Without including any images, set down the records below exactly.

## DATA
::::

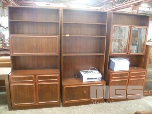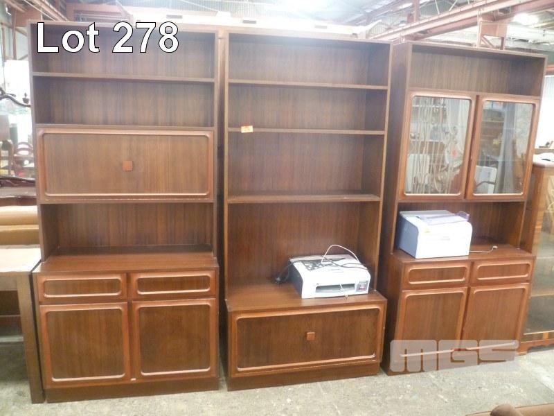 3 x MID CENTURY MODULAR 3 PIECE WALL UNIT COMPRISING BOOKSHELVES, COCKTAIL CABINET, DISPLAY CABINET, DRAWERS AND UNDER STORAGE.
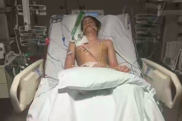 Harrowing photographs show him lying on a hospital bed covered in tubes and wires after surgeons desperately battled to save his life.
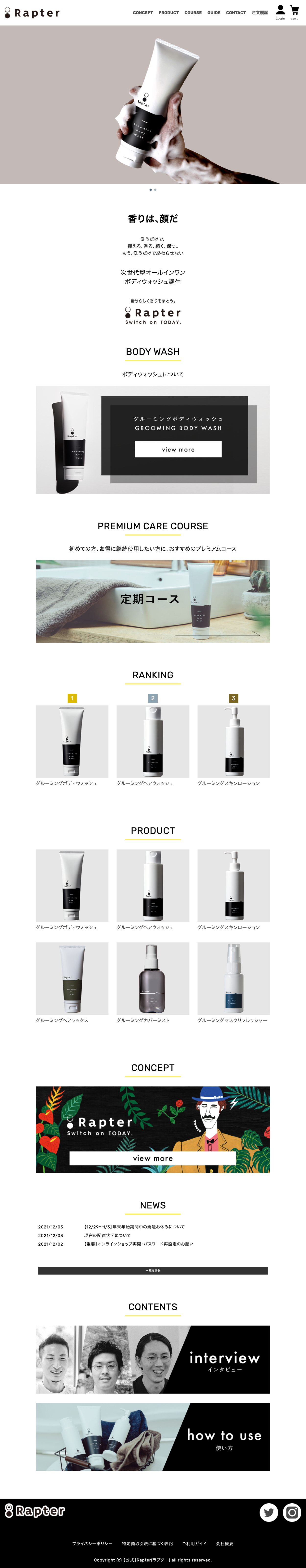 2021年に本サイトをリニューアル。新しいコンテンツを増やしたいとの要望があったため、元のデザインを活かしながらリニューアルを行なった。色味などは容器のデザインが白と黒のため、そちらをメインに制作し、サブカラーが黄色のためコンテンツのアンダーラインとして使用。30代男性がターゲットのためシンプルにまとめた。
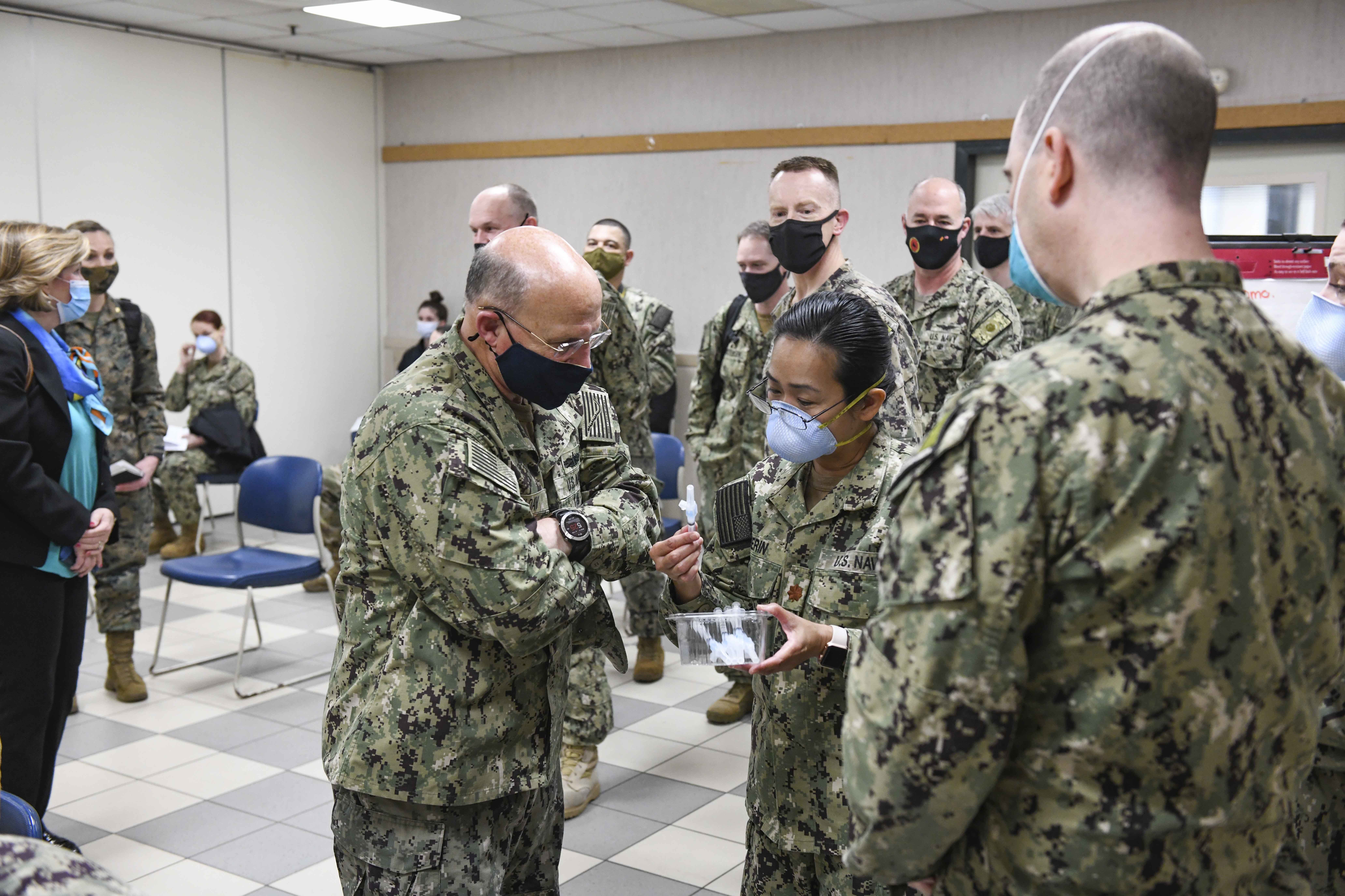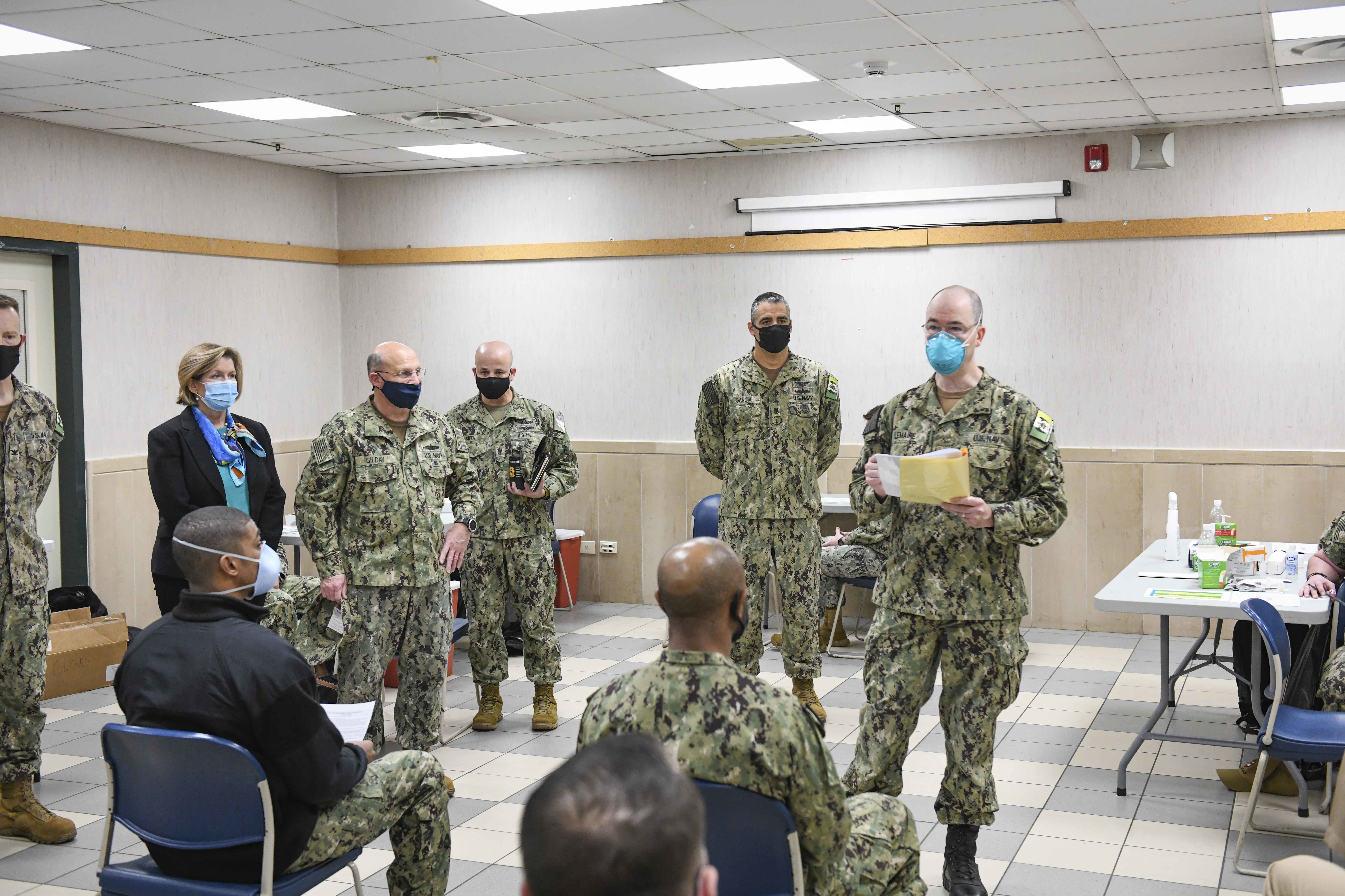210111-N-DO281-0029 NAVAL SUPPORT ACTIVITY NAPLES, Italy (Jan. 11, 2021) Adm. Mike Gilday, Chief of Naval Operations, observes COVID-19 vaccination site at Naval Support Activity Naples Support Site, Italy, Jan. 11, 2021. U.S. Naval Forces Europe-Africa, headquartered in Naples, Italy, conducts the full spectrum of joint and naval operations, often in concert with allied and interagency partners, in order to advance U.S. national interests, security and stability in Europe and Africa. (U.S. Navy photo by Mass Communication Specialist 3rd Class Trey Fowler/ Released)
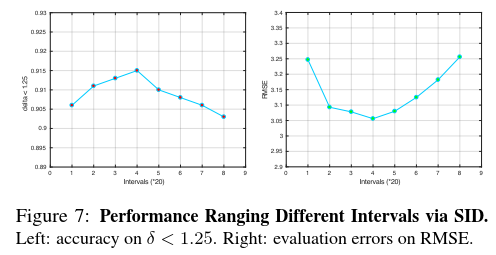 图6 用SID将深度值离散化成多个区间,在40~120个区间中,DORN得分范围为[0.908,0.915], δ < 1.25,在RMSE方面得分为[3.056,3.125],因此对一个较长的区间数是鲁棒的。
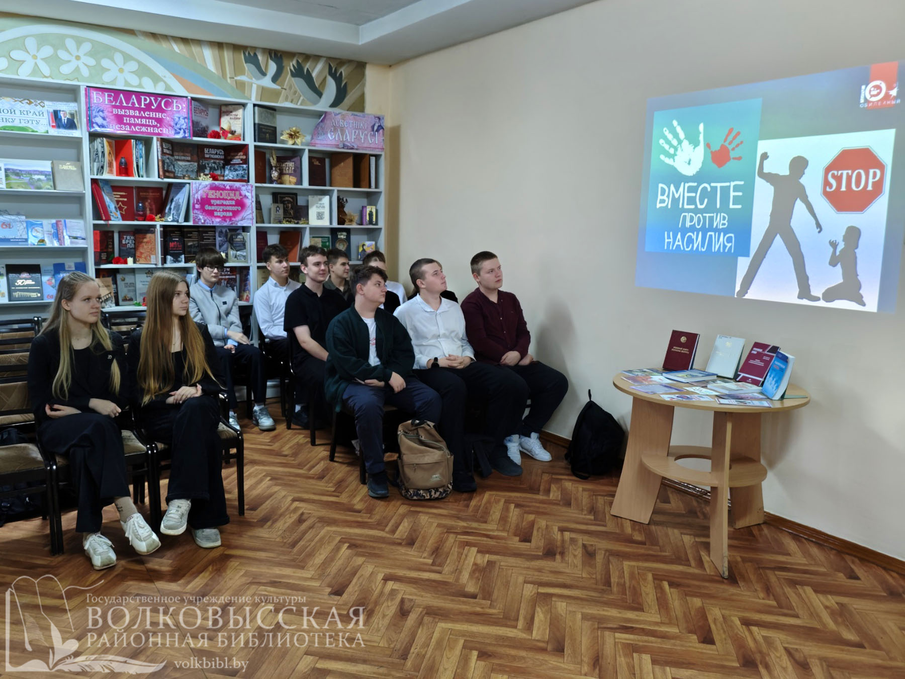 С целью профилактики насилия в отношении к несовершеннолетним 10 декабря в Волковысской районной библиотеке прошел информационный час с учениками 10 класса Гимназии №1 г.Волковыска на тему «Детский мир без жестокости и насилия». Встреча прошла в форме открытого диалога. В ходе мероприятия обсуждались вопросы профилактики домашнего насилия, противоправного поведения. До сведения учащихся была донесена информация о негативных последствиях бытовых конфликтов и необходимостью своевременного реагирования на них.
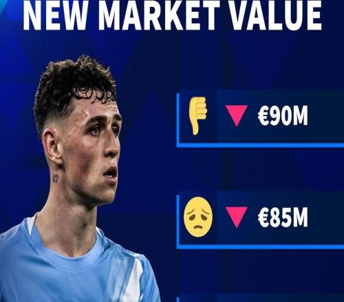德转预热福登最新身价:四个选项均为跌幅,最低身价仅75M
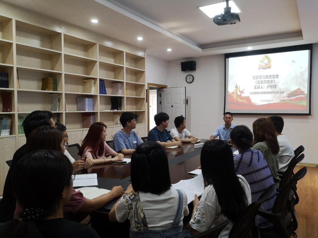 6月24日下午三点,公共管理与传媒学院研究生党支部在屏风校区教七楼7705会议室如期开展了党史学习教育党课,本次主讲人为卢智增老师,党课主题为《改革开放史》。支部全体党员同志、发展对象共同参加了此次党课学习。
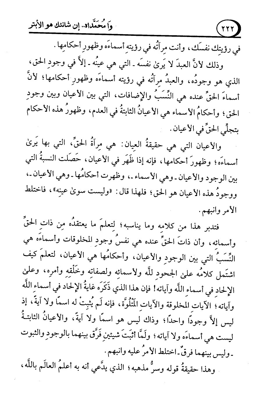 فتدبر هذا من كلامه وما يناسبه؛ لِتعلمَ ما يعتقدُه مِن ذاتِ الحقِّ وأسمائِه، وأن ذاتَ الحقِّ عنده هي نفسُ وجودِ المخلوقات وأسماءَه هي النِّسَبُ التي بين الوجودِ والأعيان، وأحكامُها هي الأعيان، لتعلمَ كيف اشتَمل كلامُه على الجحودِ لله ولأسمائِه ولصفاتِه وخَلْقِهِ وأمرِه، وعلى الإلحادِ في أسماءِ الله وآياته! فإن هذا الذي ذَكَرَه غايةُ الإلحاد في أسماءِ الله وآياته؛ الآيات المخلوقة والآياتِ المَتْلُوَّة، فإنه لَم يُثبِتْ له اسمًا ولا آيةً، إذ ليس إلاَّ وجودًا واحدًا؛ وذاك ليس هو اسمًا ولا آيةً، والأعيانُ الثابتةُ ليست هي أسماءَه ولا آياته؛ ولمَّا أثبَتَ شيئينِ فَرق بينهما بالوجودِ والثبوت -وليس بينهما فرقٌ- اختلط الأمرُ عليه وانبهم.
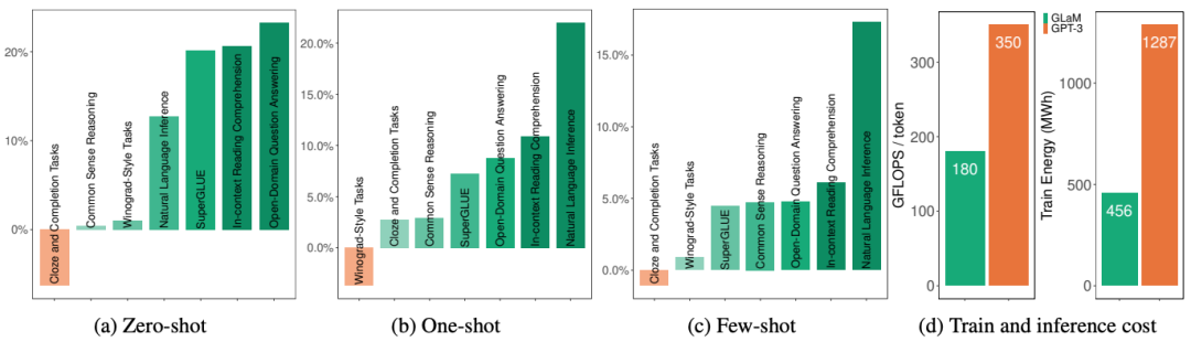 - GLaM:同样来自Google的GLaM模型,虽然总参数量高达1.2T,但其推理成本仅为GPT-3 (175B)的三分之一,却在多项零样本(Zero-shot)NLP任务上取得了更优异的成绩。
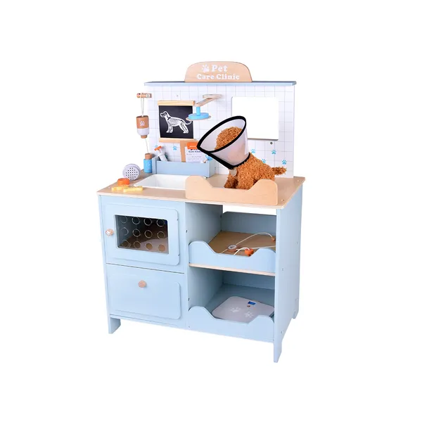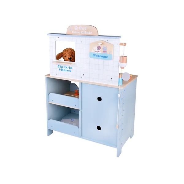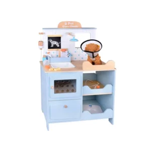 Részletgazdag fa állatorvosi rendelő plüss kutyussal, ahol a gyerekek vizsgálhatnak, ápolhatnak és „gyógyíthatnak” a sok kiegészítővel. A szerepjáték fejleszti az empátiát, a kommunikációt és a finommotorikát, a tárolós polcok pedig segítenek rendben tartani a felszerelést.
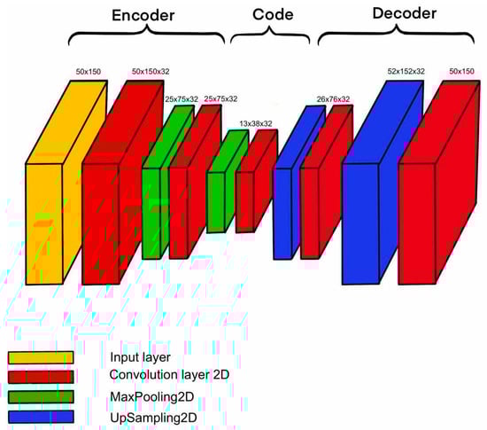 An autoencoder is a type of neural network whose purpose is to copy the features of the input to the output. The autoencoder first encodes the input image into a smaller hidden representation and then decodes it back into an image. The work by Francois Chollet et al. [] described the operation of autoencoders for image processing. This consisted of two parts: the encoder, h = f(x), and the decoder, r = g(h). If the autoencoder is trained to set g(f(x)) = x everywhere, this will not be useful for solving the problem at hand. Therefore, autoencoders are designed in such a way that they cannot learn to copy image data perfectly. Since autoencoder models are forced to prioritize which input data elements to copy, they often extract useful input data. An autoencoder learns to compress the data, minimizing reconstruction errors. Similar studies were carried out by Abdelli K. et al. [,]. In their work, an autoencoder with the most suitable architecture (Figure 6) was trained to solve the problem of noise reduction and artifact removal.
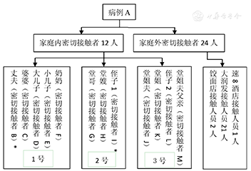2020年2月,江苏扬州某县一起家庭聚集性疫情中的李某一家人,李某为确诊病例,家庭内密切接触者12人,包括家人(丈夫、婆婆、大儿子、小儿子、奶奶)共5人、堂兄一家3人(堂兄、堂嫂、侄子1)、堂姐一家4人(堂姐夫、堂姐、侄子2、堂姐夫父亲),其中丈夫和侄子1诊断为无症状感染者,另有家庭外密切接触者24人。
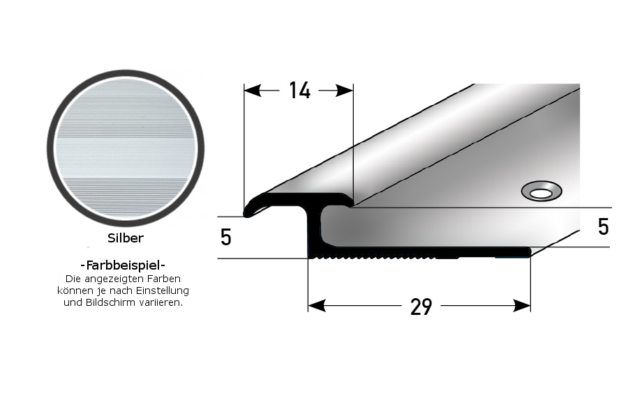- COLOR: Plata. Gracias a su aspecto sencillo y moderno, este color se integra armoniosamente en cualquier estilo de diseño de interiores, independientemente de si los suelos son oscuros o claros, o si las paredes son blancas o de colores. SUPERFICIE: El perfil de borde tiene una textura superficial agradablemente suave.
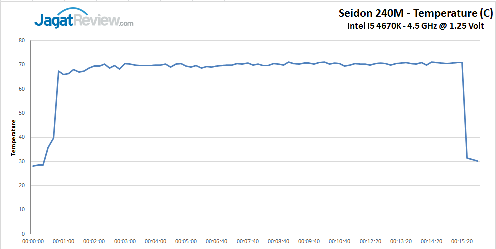 Prosesor Haswell sudah terkenal dnegan suhu yang tinggi, terlihat pada artikel “Intel ‘Haswell’ K-Series Overclocking Guide” bahwa suhu operasi prosesor tersebut bisa dikatakan cukup memberikan tantangan tersendiri untuk sistem pendingin. Sebagai sebuah water cooling yang didesain untuk overclocking, Cooler Master Seidon 240M dapat menahan suhu pada saat Haswell diberikan maximum load dalam keadaan teroverclock. Dengan skenario overclocking, Seidon 240M dapat menahan suhu Haswell pada kisaran 70°C. Pada awalnya kami mencoba untuk menguji dengan menggunakan stock heatsink akan tetapi kami tidak berani melanjutkan test kami pada menit ke 6, karena Core Temp menunjukkan bahwa suhu processor kami ada pada 100°C dengan catatan Haswell kami berjalan default.

::::

## SOLUTION BELOW
 3 x MID CENTURY MODULAR 3 PIECE WALL UNIT COMPRISING BOOKSHELVES, COCKTAIL CABINET, DISPLAY CABINET, DRAWERS AND UNDER STORAGE.
 Harrowing photographs show him lying on a hospital bed covered in tubes and wires after surgeons desperately battled to save his life.
 2021年に本サイトをリニューアル。新しいコンテンツを増やしたいとの要望があったため、元のデザインを活かしながらリニューアルを行なった。色味などは容器のデザインが白と黒のため、そちらをメインに制作し、サブカラーが黄色のためコンテンツのアンダーラインとして使用。30代男性がターゲットのためシンプルにまとめた。
210111-N-DO281-0029 NAVAL SUPPORT ACTIVITY NAPLES, Italy (Jan. 11, 2021) Adm. Mike Gilday, Chief of Naval Operations, observes COVID-19 vaccination site at Naval Support Activity Naples Support Site, Italy, Jan. 11, 2021. U.S. Naval Forces Europe-Africa, headquartered in Naples, Italy, conducts the full spectrum of joint and naval operations, often in concert with allied and interagency partners, in order to advance U.S. national interests, security and stability in Europe and Africa. (U.S. Navy photo by Mass Communication Specialist 3rd Class Trey Fowler/ Released)
 图6 用SID将深度值离散化成多个区间,在40~120个区间中,DORN得分范围为[0.908,0.915], δ < 1.25,在RMSE方面得分为[3.056,3.125],因此对一个较长的区间数是鲁棒的。
 С целью профилактики насилия в отношении к несовершеннолетним 10 декабря в Волковысской районной библиотеке прошел информационный час с учениками 10 класса Гимназии №1 г.Волковыска на тему «Детский мир без жестокости и насилия». Встреча прошла в форме открытого диалога. В ходе мероприятия обсуждались вопросы профилактики домашнего насилия, противоправного поведения. До сведения учащихся была донесена информация о негативных последствиях бытовых конфликтов и необходимостью своевременного реагирования на них.
德转预热福登最新身价:四个选项均为跌幅,最低身价仅75M
 6月24日下午三点,公共管理与传媒学院研究生党支部在屏风校区教七楼7705会议室如期开展了党史学习教育党课,本次主讲人为卢智增老师,党课主题为《改革开放史》。支部全体党员同志、发展对象共同参加了此次党课学习。
 فتدبر هذا من كلامه وما يناسبه؛ لِتعلمَ ما يعتقدُه مِن ذاتِ الحقِّ وأسمائِه، وأن ذاتَ الحقِّ عنده هي نفسُ وجودِ المخلوقات وأسماءَه هي النِّسَبُ التي بين الوجودِ والأعيان، وأحكامُها هي الأعيان، لتعلمَ كيف اشتَمل كلامُه على الجحودِ لله ولأسمائِه ولصفاتِه وخَلْقِهِ وأمرِه، وعلى الإلحادِ في أسماءِ الله وآياته! فإن هذا الذي ذَكَرَه غايةُ الإلحاد في أسماءِ الله وآياته؛ الآيات المخلوقة والآياتِ المَتْلُوَّة، فإنه لَم يُثبِتْ له اسمًا ولا آيةً، إذ ليس إلاَّ وجودًا واحدًا؛ وذاك ليس هو اسمًا ولا آيةً، والأعيانُ الثابتةُ ليست هي أسماءَه ولا آياته؛ ولمَّا أثبَتَ شيئينِ فَرق بينهما بالوجودِ والثبوت -وليس بينهما فرقٌ- اختلط الأمرُ عليه وانبهم.
 - GLaM:同样来自Google的GLaM模型,虽然总参数量高达1.2T,但其推理成本仅为GPT-3 (175B)的三分之一,却在多项零样本(Zero-shot)NLP任务上取得了更优异的成绩。
 Részletgazdag fa állatorvosi rendelő plüss kutyussal, ahol a gyerekek vizsgálhatnak, ápolhatnak és „gyógyíthatnak” a sok kiegészítővel. A szerepjáték fejleszti az empátiát, a kommunikációt és a finommotorikát, a tárolós polcok pedig segítenek rendben tartani a felszerelést.
 An autoencoder is a type of neural network whose purpose is to copy the features of the input to the output. The autoencoder first encodes the input image into a smaller hidden representation and then decodes it back into an image. The work by Francois Chollet et al. [] described the operation of autoencoders for image processing. This consisted of two parts: the encoder, h = f(x), and the decoder, r = g(h). If the autoencoder is trained to set g(f(x)) = x everywhere, this will not be useful for solving the problem at hand. Therefore, autoencoders are designed in such a way that they cannot learn to copy image data perfectly. Since autoencoder models are forced to prioritize which input data elements to copy, they often extract useful input data. An autoencoder learns to compress the data, minimizing reconstruction errors. Similar studies were carried out by Abdelli K. et al. [,]. In their work, an autoencoder with the most suitable architecture (Figure 6) was trained to solve the problem of noise reduction and artifact removal.
2020年2月,江苏扬州某县一起家庭聚集性疫情中的李某一家人,李某为确诊病例,家庭内密切接触者12人,包括家人(丈夫、婆婆、大儿子、小儿子、奶奶)共5人、堂兄一家3人(堂兄、堂嫂、侄子1)、堂姐一家4人(堂姐夫、堂姐、侄子2、堂姐夫父亲),其中丈夫和侄子1诊断为无症状感染者,另有家庭外密切接触者24人。
- COLOR: Plata. Gracias a su aspecto sencillo y moderno, este color se integra armoniosamente en cualquier estilo de diseño de interiores, independientemente de si los suelos son oscuros o claros, o si las paredes son blancas o de colores. SUPERFICIE: El perfil de borde tiene una textura superficial agradablemente suave.
 Prosesor Haswell sudah terkenal dnegan suhu yang tinggi, terlihat pada artikel “Intel ‘Haswell’ K-Series Overclocking Guide” bahwa suhu operasi prosesor tersebut bisa dikatakan cukup memberikan tantangan tersendiri untuk sistem pendingin. Sebagai sebuah water cooling yang didesain untuk overclocking, Cooler Master Seidon 240M dapat menahan suhu pada saat Haswell diberikan maximum load dalam keadaan teroverclock. Dengan skenario overclocking, Seidon 240M dapat menahan suhu Haswell pada kisaran 70°C. Pada awalnya kami mencoba untuk menguji dengan menggunakan stock heatsink akan tetapi kami tidak berani melanjutkan test kami pada menit ke 6, karena Core Temp menunjukkan bahwa suhu processor kami ada pada 100°C dengan catatan Haswell kami berjalan default.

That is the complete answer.